A federal judge in San Francisco has ruled that artificial intelligence company Anthropic did not violate US copyright law by using copyrighted books to train its AI system, in a landmark decision that could set a precedent for the future of generative AI.
In a decision delivered late Monday, US District Judge William Alsup sided with Anthropic, declaring that the company’s use of books by authors Andrea Bartz, Charles Graeber, and Kirk Wallace Johnson to train its Claude large language model was protected under the legal doctrine of fair use.
“Like any reader aspiring to be a writer, Anthropic’s LLMs trained upon works not to race ahead and replicate or supplant them — but to turn a hard corner and create something different,” Alsup noted.
The ruling marks the first major legal interpretation of fair use in the context of generative AI training, a central issue in ongoing lawsuits against AI developers. Dozens of copyright owners — including authors, artists, and media companies — have sued companies like OpenAI, Meta, Microsoft, and Anthropic, alleging their copyrighted work was used without permission or compensation.
While Judge Alsup upheld Anthropic’s argument that training an AI model on copyrighted texts constitutes a transformative use, he drew the line at how the material was stored.
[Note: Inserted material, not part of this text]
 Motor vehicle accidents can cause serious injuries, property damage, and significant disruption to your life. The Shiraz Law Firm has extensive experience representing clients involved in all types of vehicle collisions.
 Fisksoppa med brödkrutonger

He ruled that Anthropic’s storage of entire books in a central database violated copyright protections and did not fall under fair use.
The lawsuit, filed last year by the authors, accused Anthropic of using pirated digital copies of their work without licensing agreements. Anthropic, backed by tech giants Amazon and Alphabet, had argued that its model did not replicate the books, but instead analysed them to extract patterns and general insights that fuel the development of novel, AI-generated content.
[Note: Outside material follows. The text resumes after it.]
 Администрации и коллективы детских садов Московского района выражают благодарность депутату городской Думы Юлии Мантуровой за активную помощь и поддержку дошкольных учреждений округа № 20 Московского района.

The company told the court that US copyright law “not only allows, but encourages” the kind of transformative training its models perform, claiming that the practice promotes human creativity and innovation.
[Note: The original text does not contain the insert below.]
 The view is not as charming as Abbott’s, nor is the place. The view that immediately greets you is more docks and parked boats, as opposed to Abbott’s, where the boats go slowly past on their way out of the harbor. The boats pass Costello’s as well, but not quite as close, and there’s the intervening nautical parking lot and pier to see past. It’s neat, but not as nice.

“The system copied the books to study the plaintiffs’ writing, extract uncopyrightable information from it, and use what it learned to create revolutionary technology,” Anthropic stated in its defence.
The decision has wide-reaching implications for the AI industry, which relies on vast amounts of data — including copyrighted material — to train increasingly powerful models. A ruling against fair use could have forced companies to license or pay for every work used, dramatically reshaping business models and potentially stalling innovation.
For now, Judge Alsup’s ruling offers breathing room for AI developers. However, legal experts caution that the debate over how copyright law applies to artificial intelligence is far from over — and likely to make its way to higher courts in the near future.
Spokespeople for Anthropic and the authors’ legal teams have not yet responded to requests for comment.